St Oswald Church, Paddlesworth near Folkestone TQ 1950 3976

CANTERBURY DIOCESE: HISTORICAL AND ARCHAEOLOGICAL SURVEY
Tim Tatton-Brown's Survey 1992

LOCATION: Situated at about 610 feet above O.D. on sand and clay with flints on the top of the Downs. A small group of houses around a road junction is to the north, with Paddlesworth Court about _ mile north of the church.

DESCRIPTION: The earliest visible parts of this small chapel must date from the 12th century. There is no evidence for late 11th cent. work (Quarrstone, herringbone, etc.) as at Lyminge or Postling, certainly nothing Anglo-Saxon.
   The 12th century church has a small rectangular nave and chancel with opposing north and south doors in the nave. The door on the north is plain with a simple tympanum over it externally.

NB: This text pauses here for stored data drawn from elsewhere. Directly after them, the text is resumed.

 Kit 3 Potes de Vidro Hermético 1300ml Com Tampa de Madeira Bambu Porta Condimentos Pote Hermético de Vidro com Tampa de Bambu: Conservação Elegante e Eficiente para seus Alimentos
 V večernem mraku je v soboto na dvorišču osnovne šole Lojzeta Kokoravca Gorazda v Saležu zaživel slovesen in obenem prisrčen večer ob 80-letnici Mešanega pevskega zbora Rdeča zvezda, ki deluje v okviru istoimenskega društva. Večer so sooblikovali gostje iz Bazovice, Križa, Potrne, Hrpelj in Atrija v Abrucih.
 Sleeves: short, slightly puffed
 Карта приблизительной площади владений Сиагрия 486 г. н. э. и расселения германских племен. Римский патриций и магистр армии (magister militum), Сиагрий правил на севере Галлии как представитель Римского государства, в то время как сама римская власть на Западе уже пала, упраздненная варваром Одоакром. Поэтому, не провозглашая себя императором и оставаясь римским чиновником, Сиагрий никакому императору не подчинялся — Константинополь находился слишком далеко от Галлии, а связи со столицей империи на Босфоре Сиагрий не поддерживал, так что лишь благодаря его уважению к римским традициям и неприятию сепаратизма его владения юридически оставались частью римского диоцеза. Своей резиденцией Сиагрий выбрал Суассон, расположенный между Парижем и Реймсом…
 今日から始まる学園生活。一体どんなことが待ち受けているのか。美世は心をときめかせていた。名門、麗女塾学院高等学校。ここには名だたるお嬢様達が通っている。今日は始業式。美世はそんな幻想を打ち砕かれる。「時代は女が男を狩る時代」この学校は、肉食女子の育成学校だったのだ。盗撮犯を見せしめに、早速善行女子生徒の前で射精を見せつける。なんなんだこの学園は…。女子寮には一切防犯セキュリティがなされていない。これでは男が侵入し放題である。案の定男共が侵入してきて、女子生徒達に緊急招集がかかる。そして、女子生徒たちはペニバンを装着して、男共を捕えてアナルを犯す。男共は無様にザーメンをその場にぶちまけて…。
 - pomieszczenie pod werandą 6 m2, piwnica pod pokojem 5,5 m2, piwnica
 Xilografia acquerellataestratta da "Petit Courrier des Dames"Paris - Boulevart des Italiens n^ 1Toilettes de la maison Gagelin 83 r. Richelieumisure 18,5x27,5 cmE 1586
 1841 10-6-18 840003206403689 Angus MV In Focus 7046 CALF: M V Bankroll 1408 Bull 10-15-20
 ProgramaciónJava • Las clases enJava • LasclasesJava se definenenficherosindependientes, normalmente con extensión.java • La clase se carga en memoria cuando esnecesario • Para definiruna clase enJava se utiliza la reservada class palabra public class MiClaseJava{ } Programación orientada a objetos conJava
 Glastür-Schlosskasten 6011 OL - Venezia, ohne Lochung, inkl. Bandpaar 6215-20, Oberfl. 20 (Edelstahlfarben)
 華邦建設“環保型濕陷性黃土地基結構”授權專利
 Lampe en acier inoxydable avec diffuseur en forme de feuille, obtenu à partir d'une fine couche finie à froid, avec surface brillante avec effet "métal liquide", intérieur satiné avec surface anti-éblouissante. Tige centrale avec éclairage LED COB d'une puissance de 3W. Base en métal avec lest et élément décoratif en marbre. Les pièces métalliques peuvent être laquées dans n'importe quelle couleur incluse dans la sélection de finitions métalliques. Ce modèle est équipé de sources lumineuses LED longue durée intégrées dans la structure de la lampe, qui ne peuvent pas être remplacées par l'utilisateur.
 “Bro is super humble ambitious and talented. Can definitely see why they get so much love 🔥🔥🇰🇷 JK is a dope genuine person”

The south doorway is more unusual in having as its west jamb a semi-octagonal shaft with chevron on it and a voluted capital, and on the east a pair of slender shafts on the inner and outer arises of the jamb, and with semi-scalloped capitals over. This doorway must be of later 12th cent. date. The chancel arch and jambs are similar with separate thin shafts (in two places) and scalloped capitals. Above are champered abaci and a semi-circular arch. The earliest windows are small, high up double-splayed affairs (an opposing pair at the west end of the nave, one on the S.E. side of the nave and one on S.W. side of chancel with Bath restored external heads). Externally they have monolithic semi-circular heads and small jambs (? all in Caen). Internally the jambs and head are of rough flint and ironstone, similar to the rough walling itself. There is a rough low plinth (? bench) at the west end of the nave against the N and S walls (w. of the doorway).
   In the 13th century an opposing pair of lancets were put in at the east end of the chancel, and a widely splayed east lancet was also made. The eastern quoins were also remade at this time, and it is possible that the chancel was lengthened at this time. The eastern quoins are on end with some Hythe stone from the intratidal zone ( boring molluses) used for them. There is a mass dial on the S.E. chancel quoin. There are settlement cracks on the N and S sides of the chancel at the east end (are they over an earlier E. wall?). The are ? contemporary aumbry + piscina on the N and S sides. The piscina is on a corbel of stiff leaves.
   At the east end of the south side of the nave is a recess, probably for an altar (? 12th or 13th cent.). It is partly obscured by the organ, and has a small squint through to the chancel.
   On the north + south sides of the nave two-light windows were inserted later. That on the south has been totally restored externally in Portland stone (a pair of lancets) but it was perhaps later 13th cent. in origin. The north two light window is perhaps late pre-Reformation in date.
   In the late 18th cent. (Hasted) the "east and only window in the chancel" was "boarded up, it is quite dark at noon-day". Hasted also describes the "large circular pillar, about two feet high, very ancient seemingly the basis of the font, which there is none now" (one was provided on this base in the mid 19th cent.). He also tells us that "there is no steeple or turret, but at the west end of the roof hangs one bell." A stone bell cote was also provided in the mid-19th century. Sir Stephen Glynne visited the church in 1868 and notes that the 13th cent. windows in the chancel had been reopened by this time (the east lancet contained coloured glass). He also says that "the nave is fitted with new open seats with heavy poppy ends" (they are still in place). Finally he mentions "the font is cup-shaped on a low base "and" a modern buttress of brick added on the west side.
   Early in the 1870s, the Rector of Lyminge, Canon Jenkins brought in the Diocesan Architect, Mr Clarke, to carry out a restoration. The internal walls were stripped of plaster above the pew levels and three new massive buttresses were added at the west end (with large stone weatherings). Jenkins found "fragments of a Norman arch" in the west wall (? a west doorway) which he thought was of a later date. He then had a pair of large round-headed windows inserted in the west wall on either side of the central buttress (all the jambs are in Bathstone). The roofs were renewed (entirely in the nave, but the boarded ceiling in the chancel may conceal earlier rafters). There is one bell in the new stone bellcote apparently formerly there were three (Stahlschmidt), but in 1758, there was only one cracked bell.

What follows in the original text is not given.